# Euclidean Reflection Groups _ Kane's text

1. Mar 28, 2012

### Math Amateur

I am reading Kane - Reflection Groups and Invariant Theory and need help with two of the properties of reflections stated on page 7

(see attachment - Kane _ Reflection Groups and Invariant Theory - pages 6-7)

On page 6 Kane mentions he is working in $\ell$ dimensional Euclidean space ie $E = R^{\ell}$ where $R^{\ell}$ has the usual inner product (x,y).

In defining reflections with respect to vectors Kane writes:

" Given $0 \ne \alpha \in E$ let $H_{\alpha}\subset E$ be the hyperplane

$H_{\alpha} = \{ x | (x, \alpha ) = 0 \}$

We then define the reflection $s_{\alpha} : E \longrightarrow E$ by the rules

$s_{\alpha} \cdot x = x$ if $x \in H_{\alpha}$

$s_{\alpha} \cdot \alpha = - \alpha$ "

Then Kane states that the following two properties follow:

(1) $s_{\alpha} \cdot x = x - [2 ( x, \alpha) / (\alpha, \alpha)] \alpha$ for all $x \in E$

(2) $s_{\alpha}$ is orthogonal, ie $( s_{\alpha} \cdot x , s_{\alpha} \cdot y ) = (x,y)$ for all $x, y \in E$

I would appreciate help to show (1) and (2) above.

Peter

2. Mar 28, 2012

### morphism

Note that $H_\alpha$ is codim 1 in E with perp spanned by $\alpha$. So any linear operator defined on E is completely determined by its action on $H_\alpha$ and $\alpha$. In particular, there is a unique linear operator satisfying the defining conditions for $s_\alpha$. Since the mapping defined by the RHS of (1) is linear and satisfies these conditions as well, it must be $x \mapsto s_\alpha x$.
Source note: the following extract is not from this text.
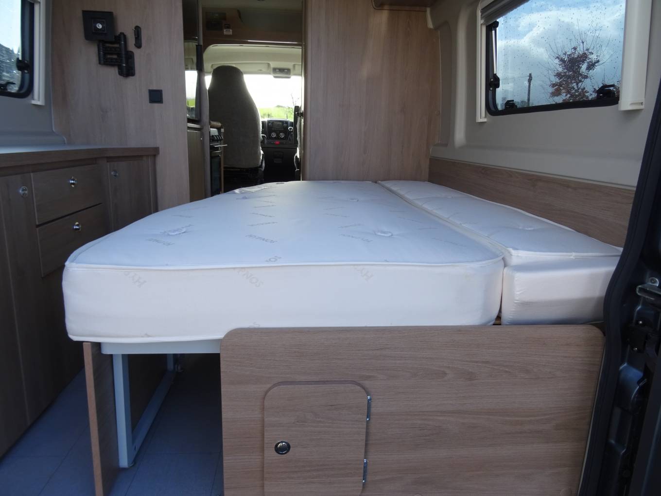 Take a look and this as-new automatic campervan with rear lounge/French bed arrangement.
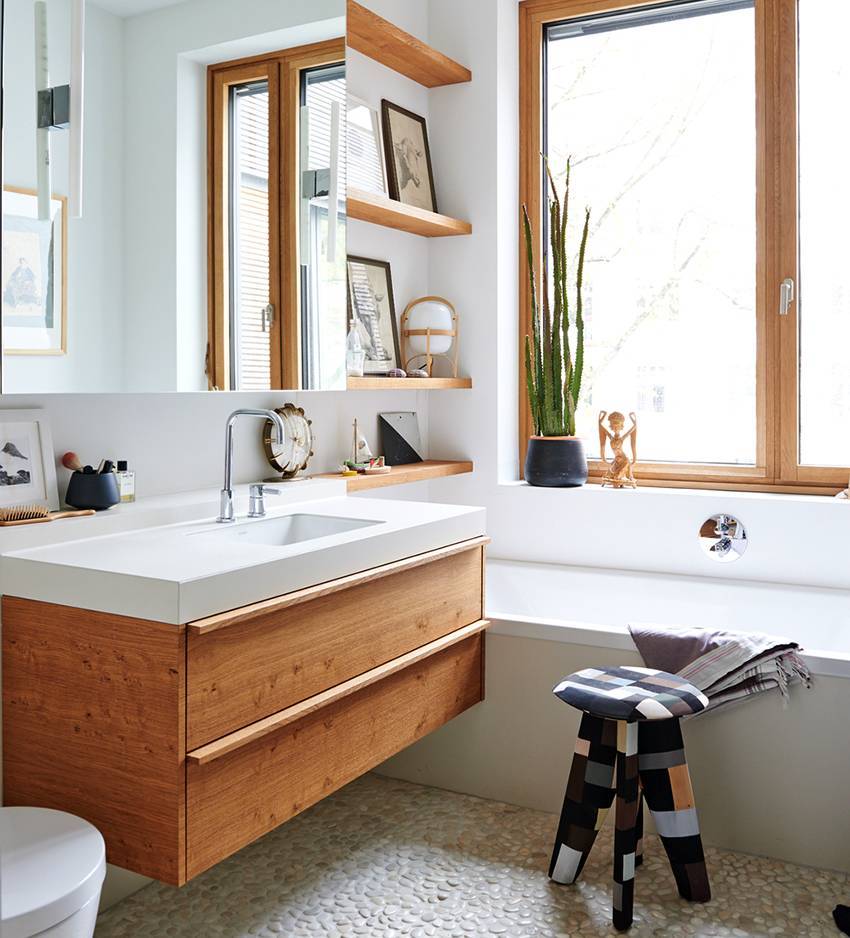 В других помещениях скандинавского стиля древесину используют не только для изготовления мебели, но и для отделки стен, пола и потолка. Однако ванная комната с ее постоянными колебаниями влажности и температуры – это серьезное испытание для натуральной древесины, поэтому ее можно заменить более стойкими современными материалами.

Of course what's going on geometrically is that $s_\alpha$ is simply reflection in the hyperplane $H_\alpha$. Try this out in $R^2$, with $H_\alpha$ a line through the origin that is perpendicular to $\alpha$: what is the formula for reflecting about $H_\alpha$?

As for (2), it suffices to check that it holds in the 3 cases: (a) $x,y \in H_\alpha$; (b) $x\in H_\alpha$ and $y=\alpha$; and (c) $x=y=\alpha$. Or you could use (1).